=== SUPPLIED DATA ===

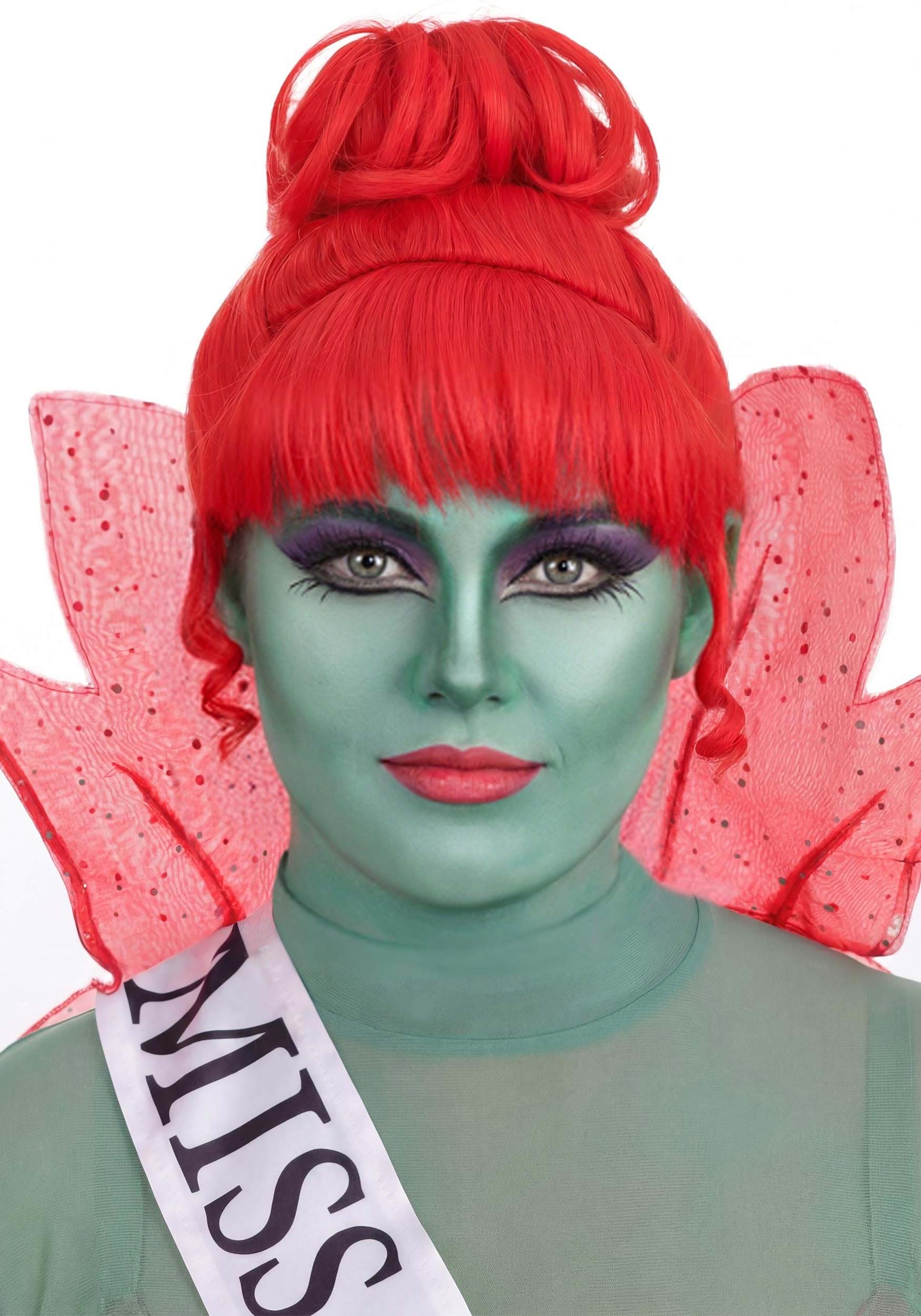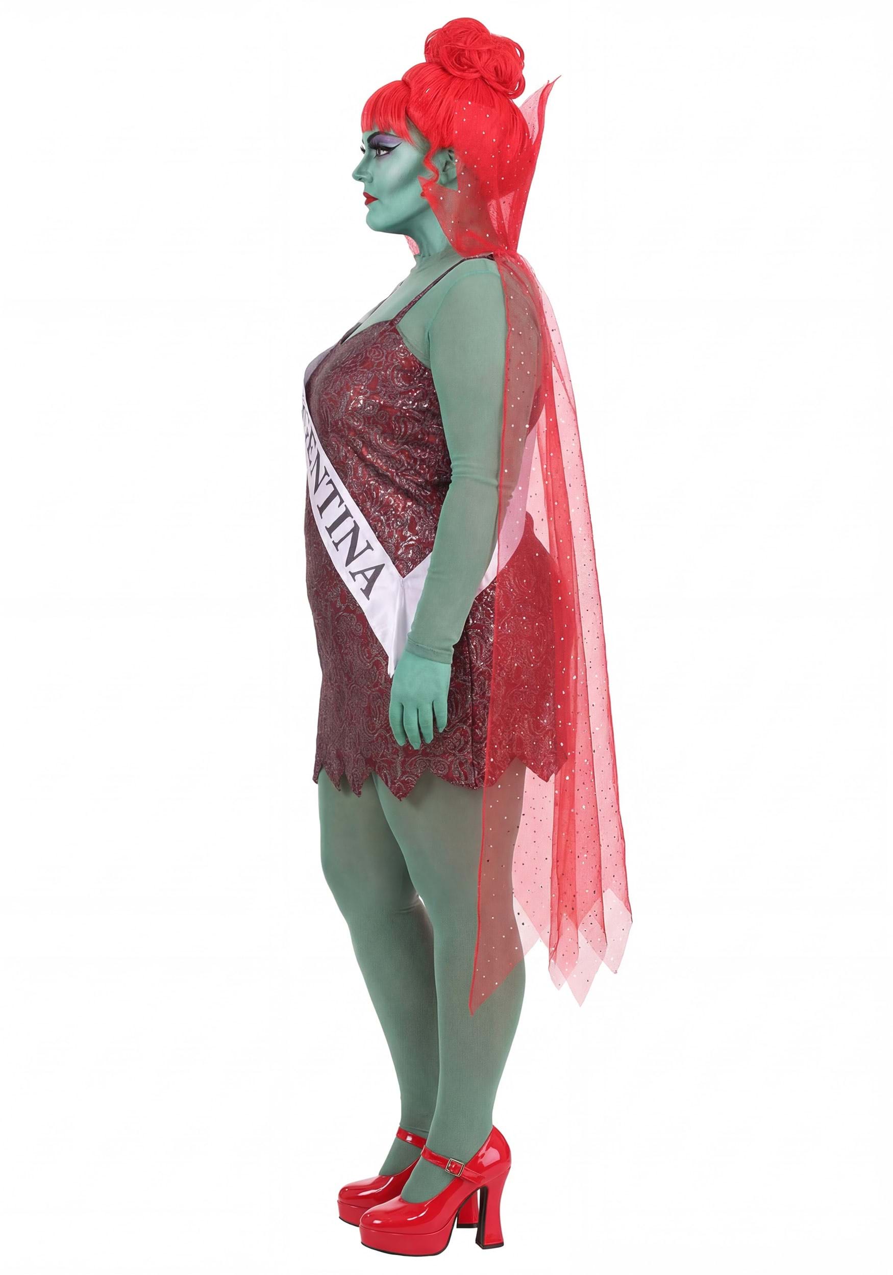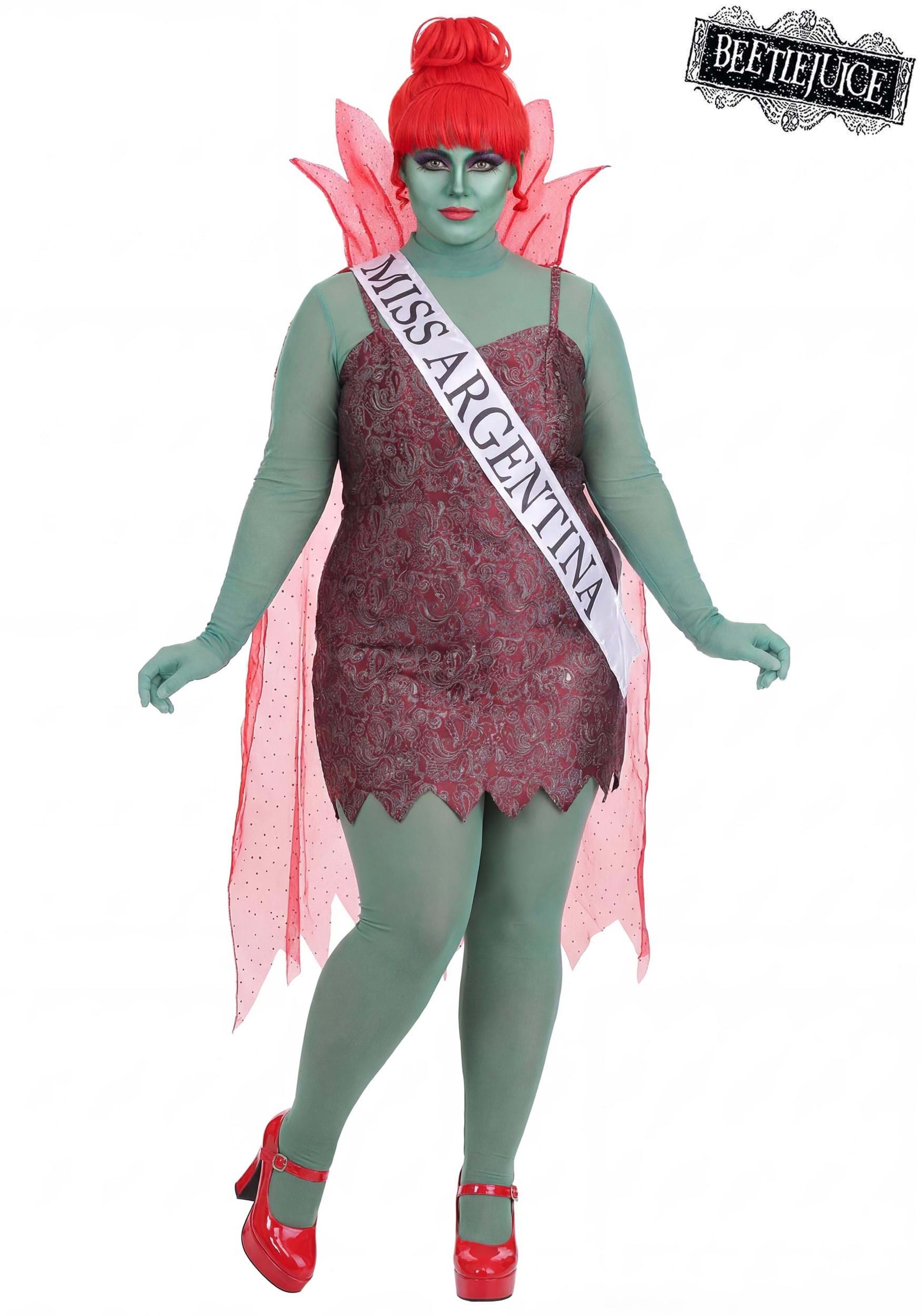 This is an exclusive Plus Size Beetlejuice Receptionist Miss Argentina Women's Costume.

==

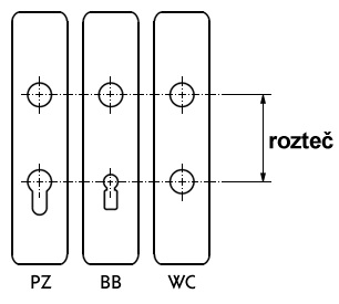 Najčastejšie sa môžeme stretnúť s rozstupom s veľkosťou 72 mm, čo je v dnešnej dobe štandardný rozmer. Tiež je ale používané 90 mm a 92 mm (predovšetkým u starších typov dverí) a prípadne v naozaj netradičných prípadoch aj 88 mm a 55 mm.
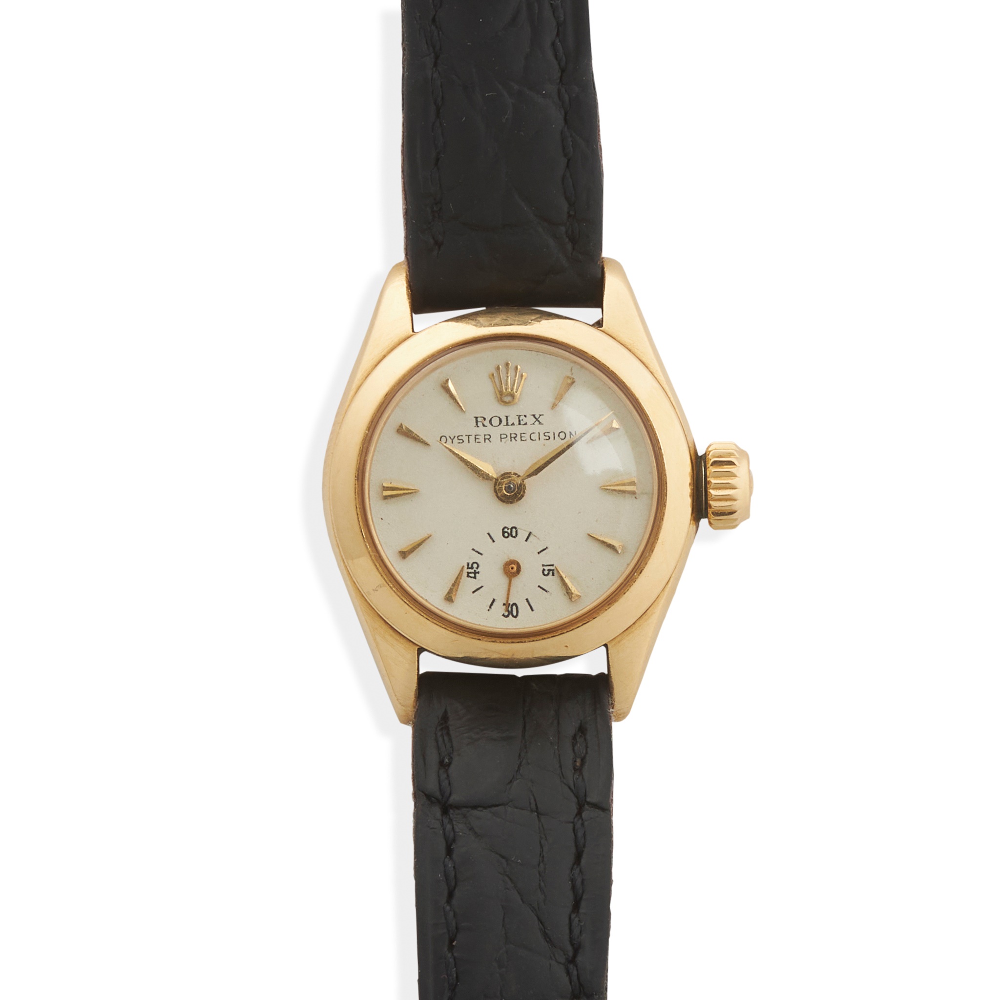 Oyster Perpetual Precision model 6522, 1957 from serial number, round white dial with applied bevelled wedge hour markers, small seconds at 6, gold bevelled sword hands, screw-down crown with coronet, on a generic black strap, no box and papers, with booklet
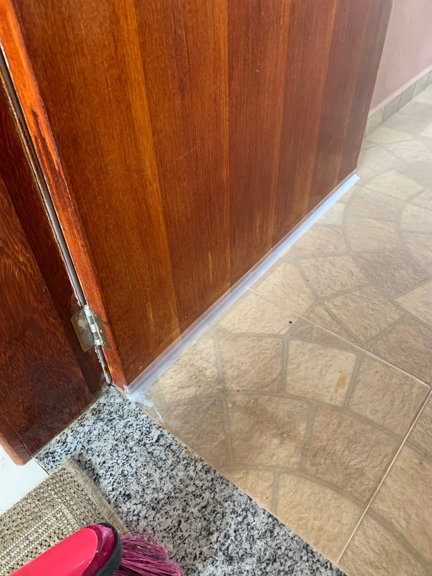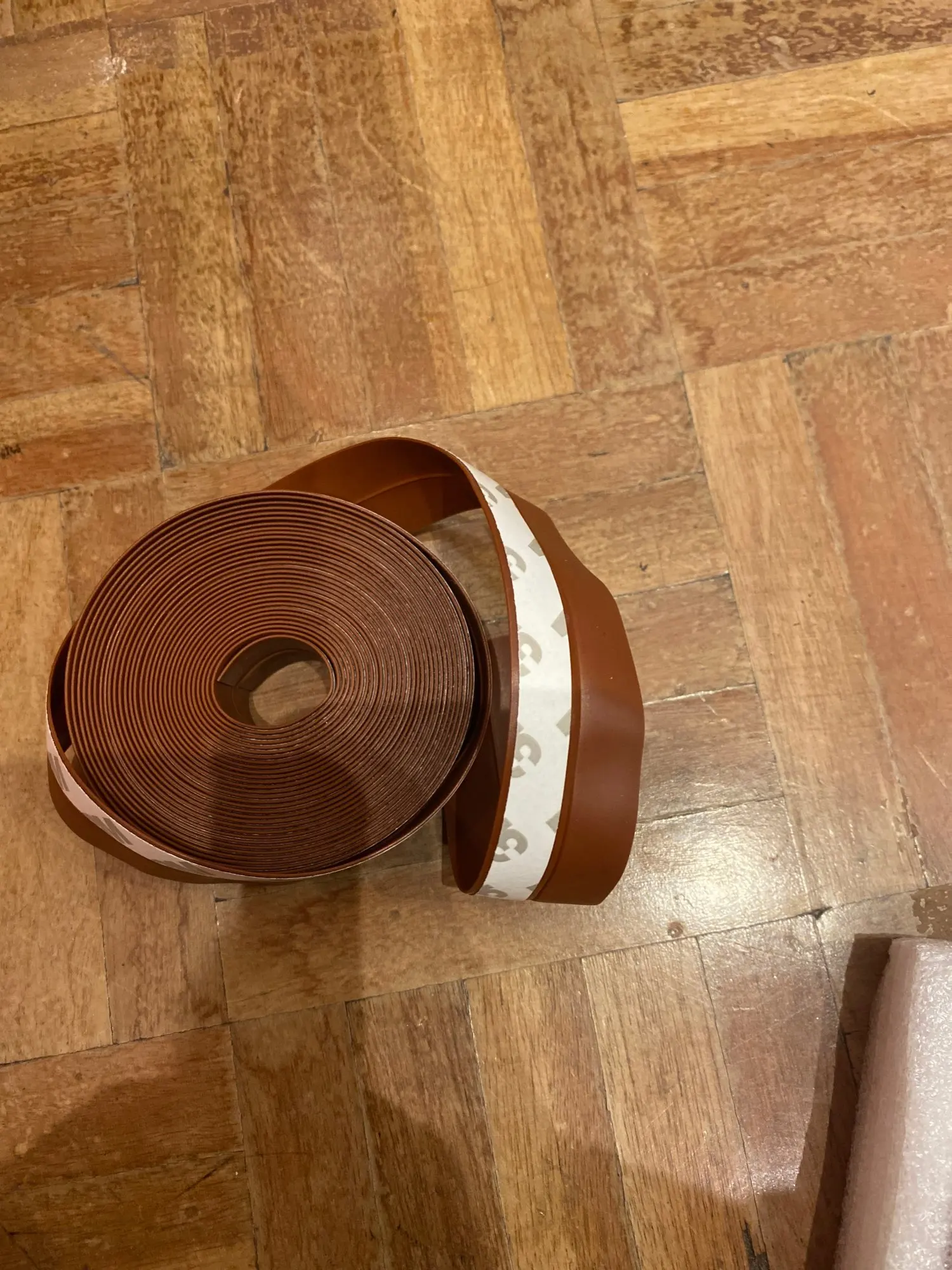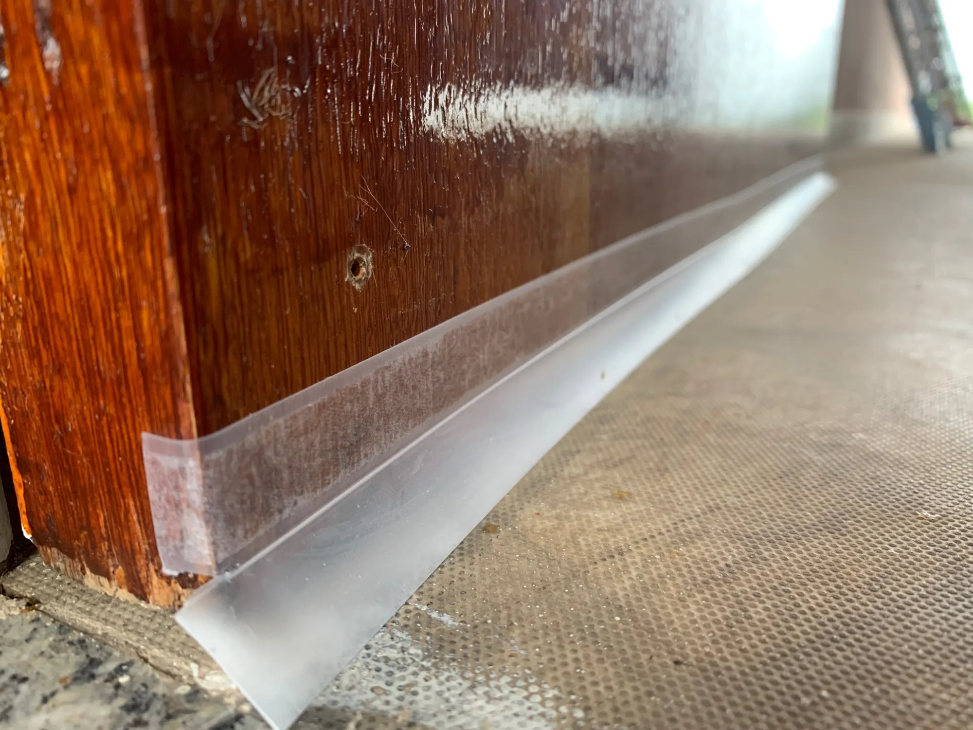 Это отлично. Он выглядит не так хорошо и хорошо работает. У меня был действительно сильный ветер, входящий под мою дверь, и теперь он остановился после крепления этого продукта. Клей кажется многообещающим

=== WORK ORDER ===
Look above for the line containing "Oyster Perpetual Precision", then write out every line from there down to the line containing "Это отлично. Он", that line included, with no pictures.

=== PROBLEM SOLUTION ===
 Oyster Perpetual Precision model 6522, 1957 from serial number, round white dial with applied bevelled wedge hour markers, small seconds at 6, gold bevelled sword hands, screw-down crown with coronet, on a generic black strap, no box and papers, with booklet
 Это отлично. Он выглядит не так хорошо и хорошо работает. У меня был действительно сильный ветер, входящий под мою дверь, и теперь он остановился после крепления этого продукта. Клей кажется многообещающим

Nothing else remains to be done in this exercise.